WEEI’s Adam Jones and Rich Keefe say “no.”
“At this point, I would be surprised, and I'm the biggest sucker there is when it comes to the Red Sox,” Jones said on Jones & Keefe on Tuesday. “Like, I expected to do all kinds of stuff this off-season.
“At this point, I would be very surprised if they added Bregman, Arenado, names like this that you keep seeing them linked to. I honestly just get annoyed at it every time I see them linked to it.”

Breslow’s press conference comments from the famed Fort Myers picnic tables Tuesday - where he shooed away questions about any potential free agents - didn’t seem to help the belief that the Sox are done for the offseason.

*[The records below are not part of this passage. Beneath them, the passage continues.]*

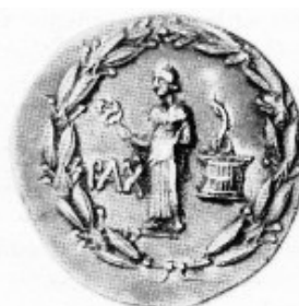
Obr. 9. Na reversu bohyně Pax s caduceem, mincovna v Efesu
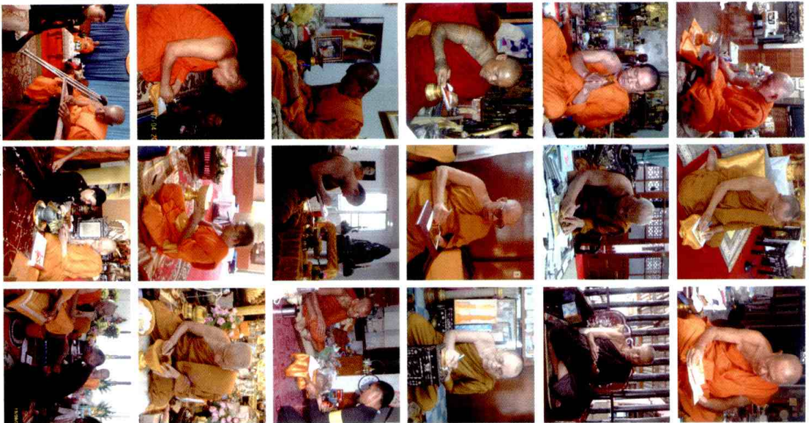
พระเกจิอาจารย์ชื่อดังทั่วประเทศ ลงอักขระและอธิษฐานจิต
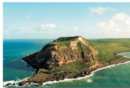
Der erloschene Vulkan »Suribachi«

In der Gegend um den erloschenen Vulkan Suribachi fanden heftige Kämpfe statt. Die Japaner nutzten ein vorhandenes und nur schwer einnehmbares Höhlensystem für ihre Verteidigung. Dennoch hatte die kaiserliche Armee in Anbetracht der amerikanischen Übermacht keine Chance. Am 26. März 1945 waren die Kämpfe auf Iwo Jima beendet. General Tadamichi Kuribayashi soll angeblich »seppuku« begangen haben. Wie er wirklich starb wurde jedoch nie bekannt.
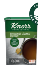
Bouillon de Légumes 6 x 1,2 kg • jusqu'à 60 L 8720182842008
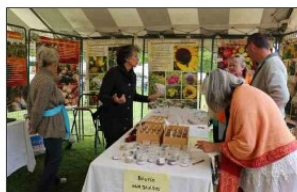
La bourse aux graines avec Longo Mai : très belle réussite pour une première à La Martre.
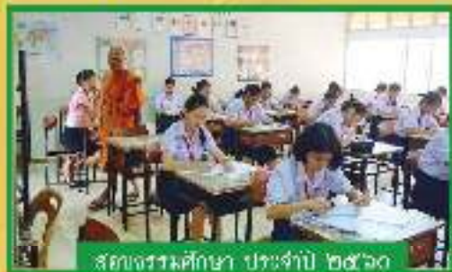
สวดธรรมศึกษา ประจำปี ๒๕๖๑
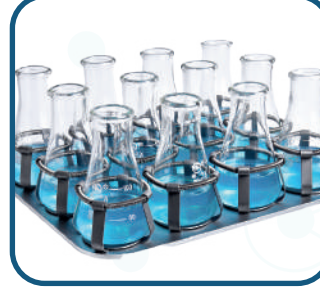
Universal platform Erlen tutucu ile birlikte platform MP100-12
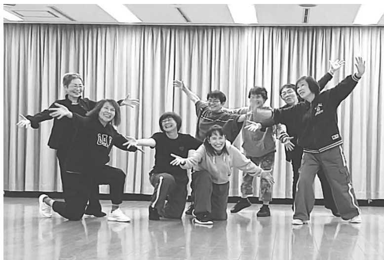
ウエルネスダンス
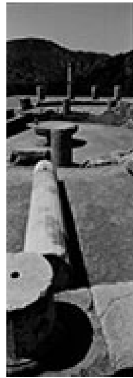
Caunos, Turquie, 2011
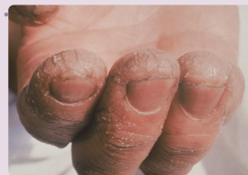
手荒れがひどくなる前に
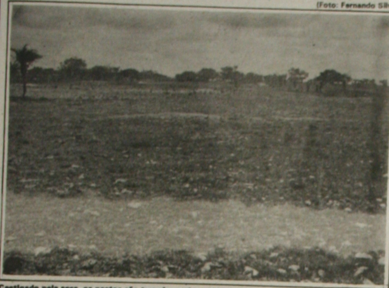
Castigado pela seca, os pastos são transformados em imenso deserto em pleno sertão.

A estiagem está dizimando o rebanho no semi-árido sergipano. A falta de pastagem na região está gerando grandes transtornos e os pecuaristas são obrigados a vender o gado pela metade do preço como forma de evitar prejuízos.
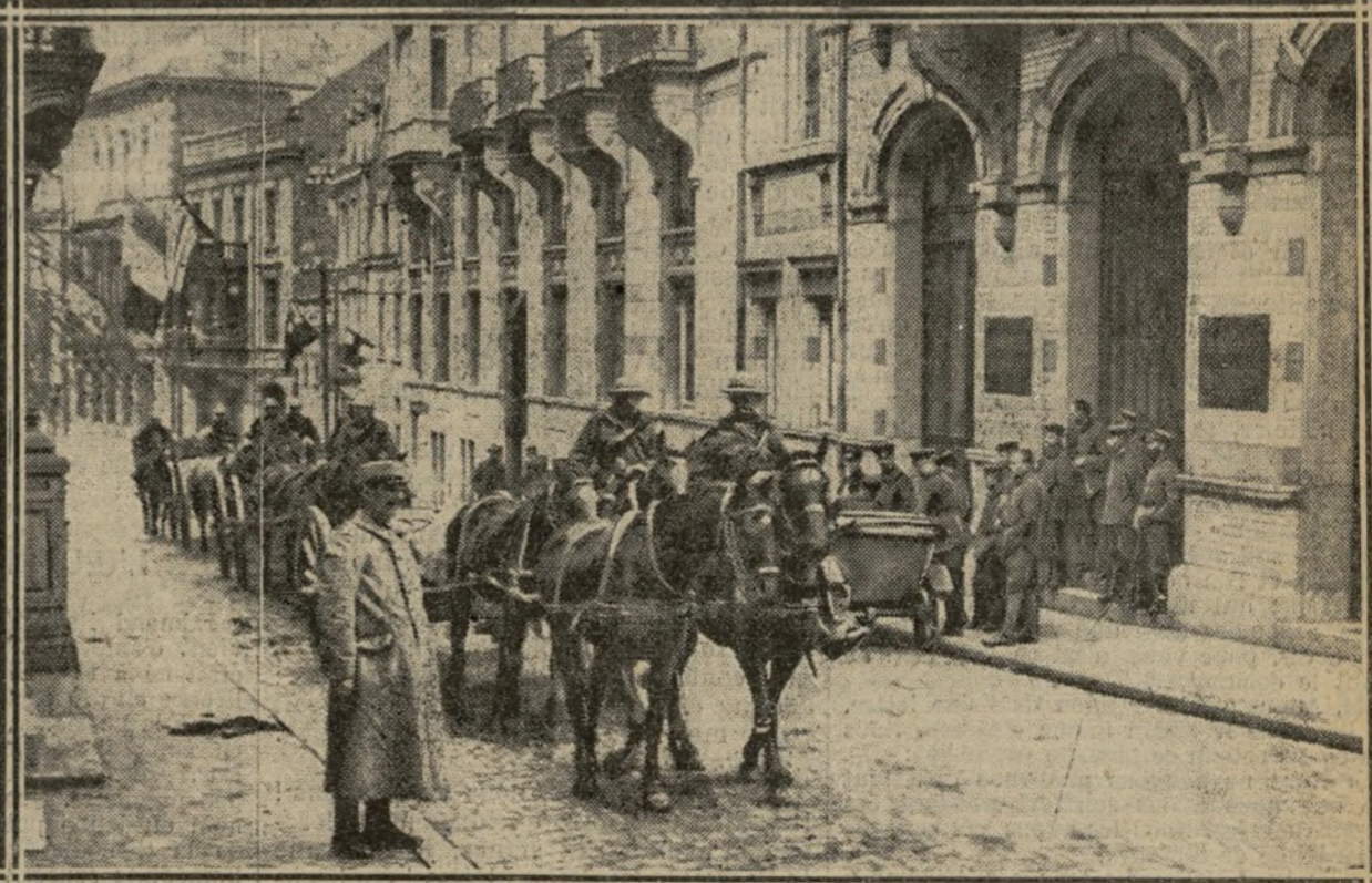
LES ALLEMANDS REGARDENT DÉFILER LES ANGLAIS QUI ENTRENT A SPA
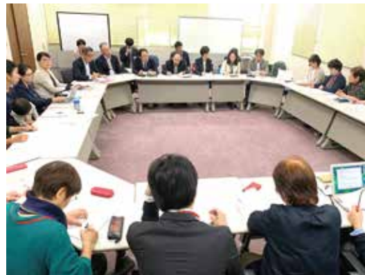
円卓会議には小さな赤ちゃん、子どもたちも含めて約20人が参加。施策によって市の担当課が異なるため大ぜいの職員も参加し会議室はいっぱい。

より身近な場所で一時保育を利用できるよう、認可保育所における一時保育の充実や、乳幼児一時預かり事業の拡大が必要です。今年度中に策定される「第2期横浜市子ども・子育て支援事業計画」素案も踏まえた中期的な視野を持って提案を続けます。

Reports from The Boston Globe’s Pete Abraham on the dynamics within Fenway lead Jones to believe there may be a clash between Breslow and ownership on one side, and manager Alex Cora and team president Sam Kennedy on the other.
“There's this divide within the organization where Cora obviously wants it to win games, and he has a connection to Bregman,” said Jones. “Kennedy may want it for the marketability, jerseys and all that kind of stuff, getting asses in the seats.
“I'm not surprised Henry doesn't want to spend money, and Breslow wants the kids there. So there's disagreement within the Red Sox, and dysfunction within the Red Sox, which is just so Red Sox.”
Keefe mentioned the awkward relationship between Cora and Breslow, in which the ownership group stuck him with a manager he didn’t hire.

“It’s classic Red Sox, but it's also the situation they've all been put in, because Craig Breslow didn't pick Cora, and Cora wasn't hired by Breslow,” said Keefe. “So [in] any sport, we talk about that, that's a weird setup.
“So those guys don't have to agree on every single item, every single player, they don't have to be in lockstep. You want some disagreement, but we don't even know if their overall outlook is the same.”
That “overall outlook” difference may be a fundamental issue with the Red Sox, where one side wants to win now with a mix of homegrown talent and free agents, and the other is keen to wait and see with prospects.
“If you really believe in them and they're ready - well, then bring them up here,” said Jones. “And they're part of the team and play them day one, right?
“But the Red Sox aren't going to do that. They’re jumping through these financial loopholes because - you're right, it's Breslow and Henry on one side, and that's the side that's going to win. So when Cora says, ‘Yeah, I think we might still sign somebody,’ I don't think that, and I think Cora is going to lose out.”